Relocating With Your Child | Long Island Family Law Lawyer

After a divorce is complete, if there were children of the marriage, custody of the child was resolved. Typically, though not always, one parent is awarded residential custody of the child subject to visitation rights of the other party.  After some time passes, one question which may rise is it whether is it possible for the residential parent to move out of the state.  The appellate department discussed this issue in Batchelder v. Bonhotel.

In Bonhotel, Father and Mother, never married and had one child.  They separated and stipulated that Mother was to be the residential parent, subject to the visitation of rights of the Father.  Father was entitled to see his son every other weekend and one overnight every other week.  The Father was consistent with his visitation with the Court finding that the Father and son benefitted from a close relationship.  Two years later, the Mother lost her job and made plans to move out of New York to Alabama.

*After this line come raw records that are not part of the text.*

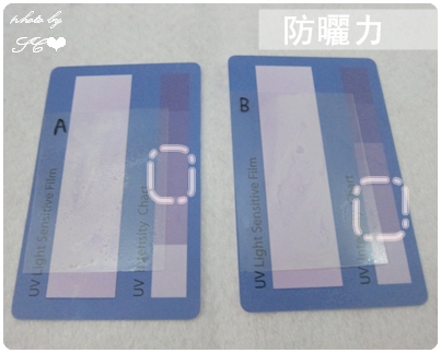 首先測試一下防曬力,利用圖中的紫外線測試卡測試其防曬力
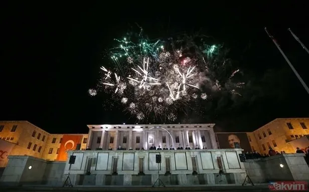 TBMM'nin açılışının 100. yılı dolayısıyla saygı duruşu ve İstiklal Marşı'nın ardından ışık, lazer ve havai fişek gösterisi düzenlendi.
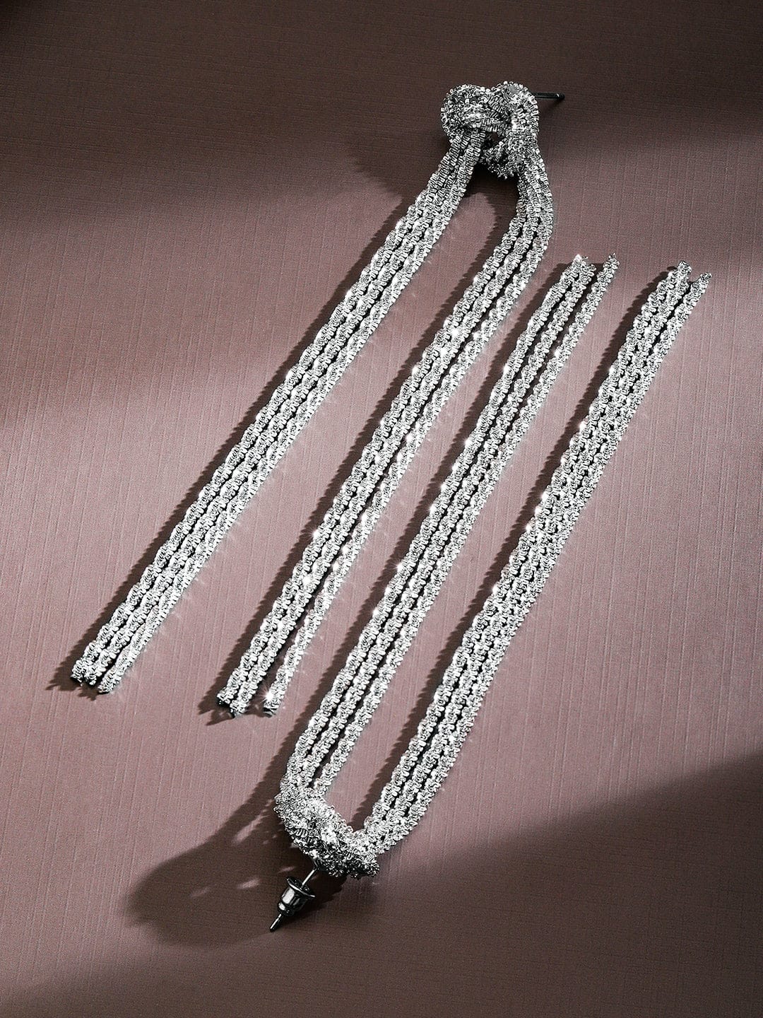 Earrings : Enhance your style with Rubans'silver-plated statement earrings featuring a unique knotted design with cascading long chain details. These versatile earrings exude bold elegance, perfect for any chic ensemble.
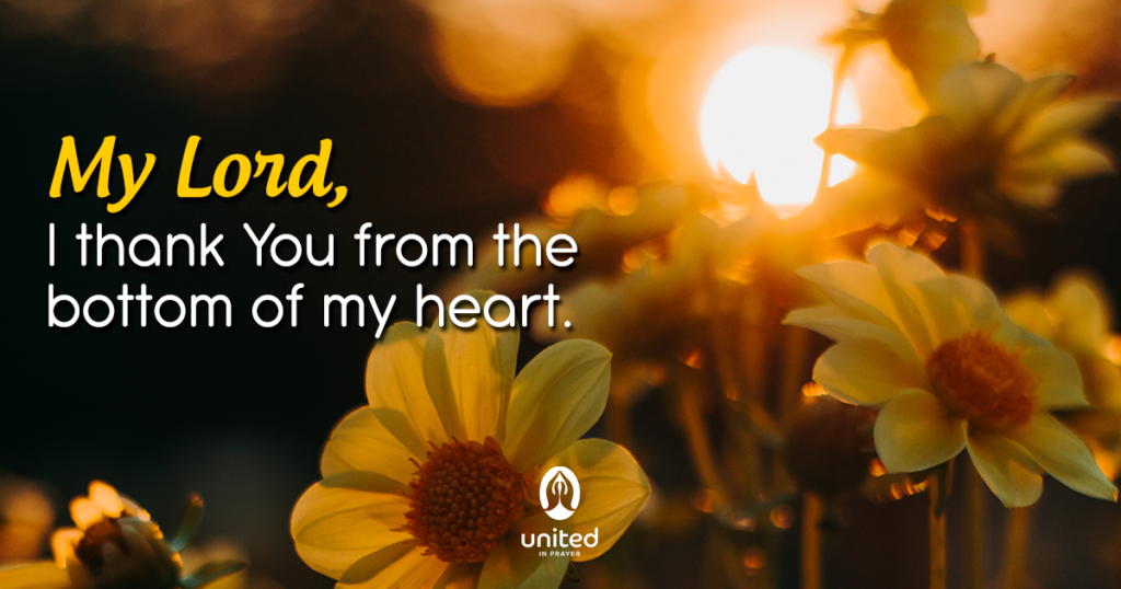 Precious and beloved Lord, today I want to come close to You, not to ask for my needs, which you already know about, but to thank you from the bottom of my heart for being You, my good and merciful God. To thank you for being so kind, for providing me with the gift of life, for every days’ blessings, and because you always give me new reasons to smile.
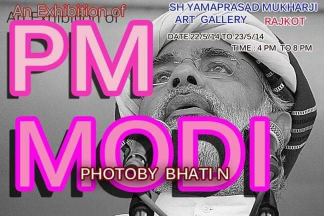 ગુજરાતના સપુત નરેન્દ્ર મોદી એ ગુજરાતનું નામ રોશન કરેલ છે,ગુજરાતના સુપ્રસિદ્ધ તસવીરકાર ભાટી એન દ્રારા મોદીજી ની હજારો તસવીરો લીધી છે તેમાંથી ચુનદા 110 ફોટા નું ભવ્યતાતી ભવ્ય “પી એમ મોદી” ફોટો પ્રદર્શન રાજકોટની શ્યામાપ્રશાદ આર્ટ ગેલેરી રેસકોષ ખાતે તા/22/5/14 થી 23/5/14 સુધી સુધી યોજાયું હતું તો ફસબુકના મિત્રો ખાસ મોદીજીની અલભ્ય તસવીરો નિહાળવાનો મોકો છે,,,,,,,,,,,,,ભાટી એન ,
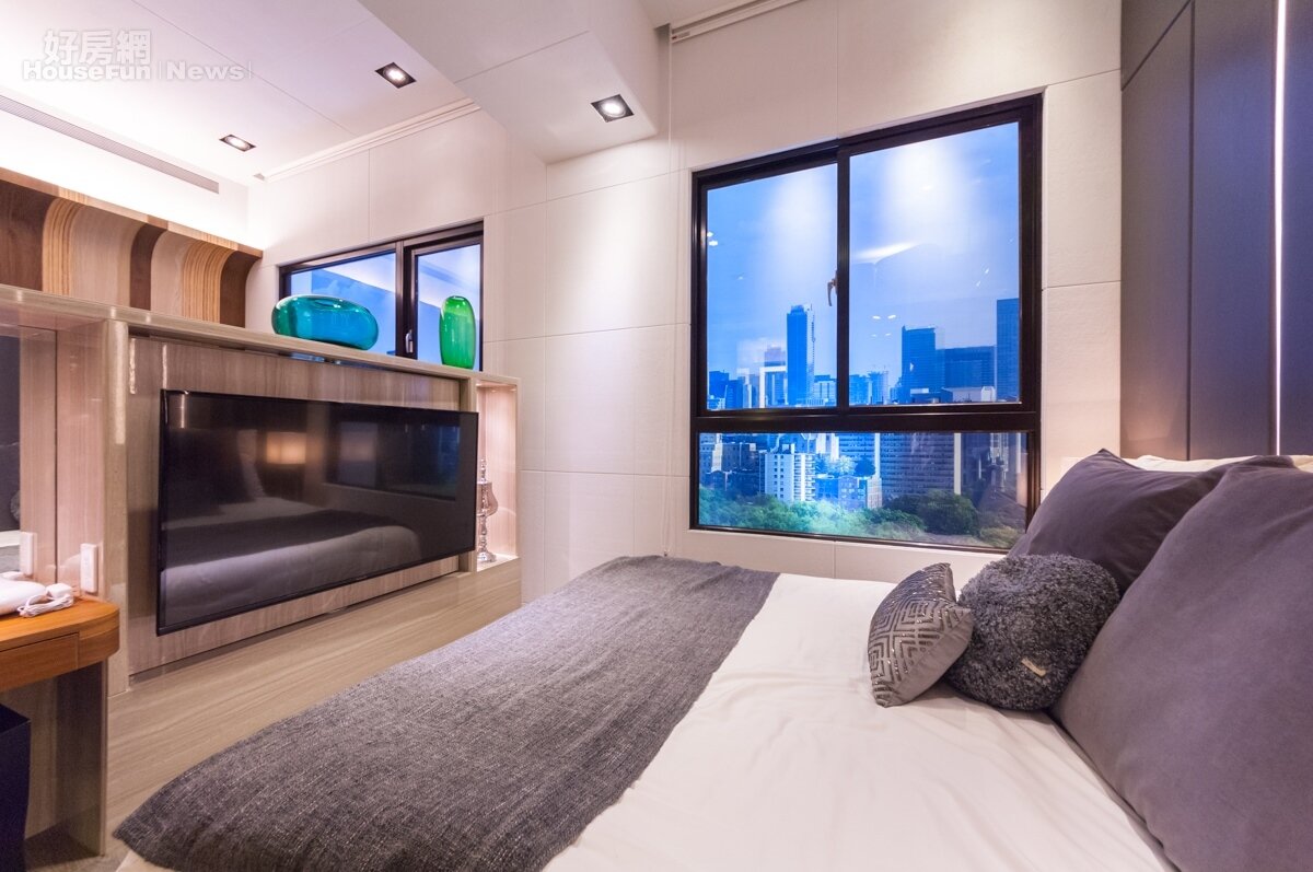 八十萬打造自我風格小豪宅 為了節省空間,臥室中的電視與客廳共用,利用轉軸旋轉電視。在客廳時就轉向客廳,在臥室時就轉向臥室,這個概念其實台灣早已出現,就是汽車旅館。大片的對外窗引入的除了璀璨的陽光,還有室外美麗的風景。 4390 上一張 下一張
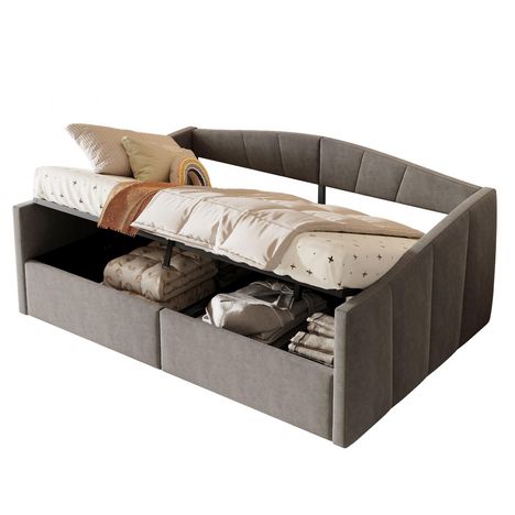 Avec rangement hydraulique - Ce canapé-lit rembourré dispose d'un grand espace de rangement dissimulé sous le lit pour vos vêtements et autres objets essentiels. Il est idéal pour vos besoins quotidiens de rangement et d'organisation.

She informs Father the night before her departure.  Father petitions the Court for residential custody of the child.

As a first step, to change the custody arrangement there must be a significant change of circumstance.  In this case, step one was easily met.   The Mother moving out of the state constituted a significant change of circumstances.  Therefore, the Court immediately turned its attention to whether the Mother could relocate with the child.  In making such a determination, the Mother bears the burden of proof that she should be allowed to move by a preponderance of evidence.  The Court will look at the following factors: (1) the relationship with the parents; (2) the effect of the move on the noncustodial parent; (3) the potential enhancement to the custodial parent and child due to the move; and (4) parents’ motives for seeking or opposing the move.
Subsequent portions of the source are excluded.